1) Onodera S, Yoshioka A, Nishimura K, Kawano H, Ono K, Matsui T, Ogita F, Hara H:Water exercise and health promotion. The Journal of Physical Fitness and Sports Medicine, 2(4), 393-399, 2013.
2) 和田拓真,野瀬由佳,吉岡哲,小野寺昇:水位の違いが尿量および尿意感に及ぼす影響.日本宇宙航空環境医学57(1),15-20, 2020.
3) 西村一樹,山口英峰,中西洋平,小野寺昇:水温の違いが仰臥位フローティング中の直腸温および酸素摂取量に及ぼす影響.水泳水中運動科学7(1),17-22, 2004.

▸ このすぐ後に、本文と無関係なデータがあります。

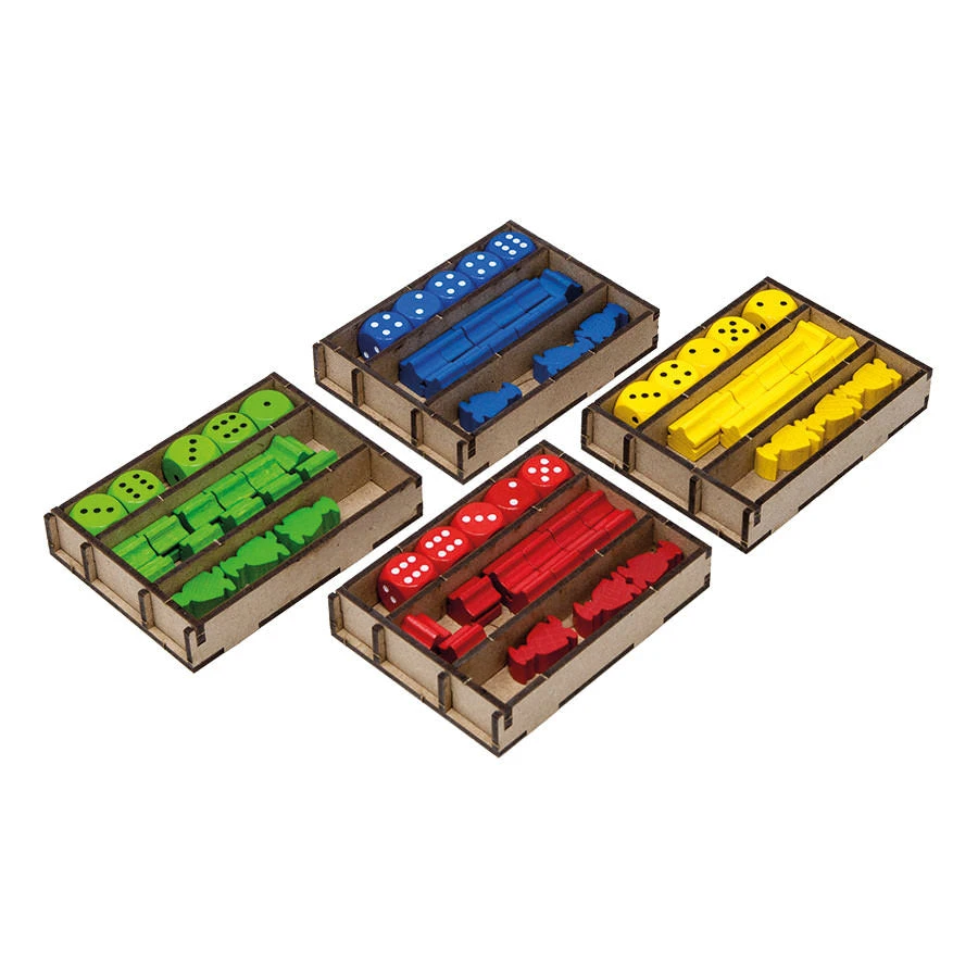 • 4x player set boxes, with slots for each piece type and shutter closure for immediate extraction;
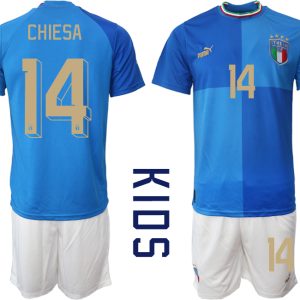 Italien Trikots für Kinder zum Fußballspielen 2022-23 in Blaue CHIESA 14
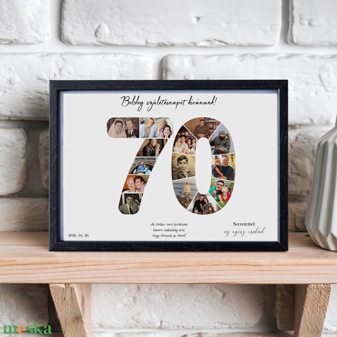 70-es szülinapi fotókollázs A/4-es méretben dátummal, aláírással (digitális kép vagy fotópapírra nyomtatva, keretezve)
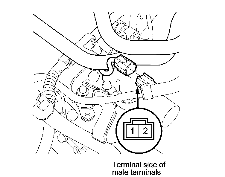 13. Connect a jumper wire from the negative battery terminal to A/T clutch pressure control solenoid valve A connector terminal No. 2, and connect another jumper wire from the positive battery terminal to A/T clutch pressure control solenoid valve A connector terminal No. 1. Make sure A/T clutch pressure control solenoid valve A moves.

4) Sho Onodera, Motohiko Miyachi, Masahiro Nishimura, Kenta Yamamoto, Hidetaka Yamaguchi, Kouki Takahashi, Joo Yong In, Hiromi Amaoka, Akira Yoshioka, Takeshi Matsui and Hideki Hara:EFFECTS OF WATER DEPTH ON ABDOMINALS AORTA AND INFERIOR VENA CAVA RURING STANDING IN WATER. Journal of Gravitational Physiology, 8(1), 59-60, 2001.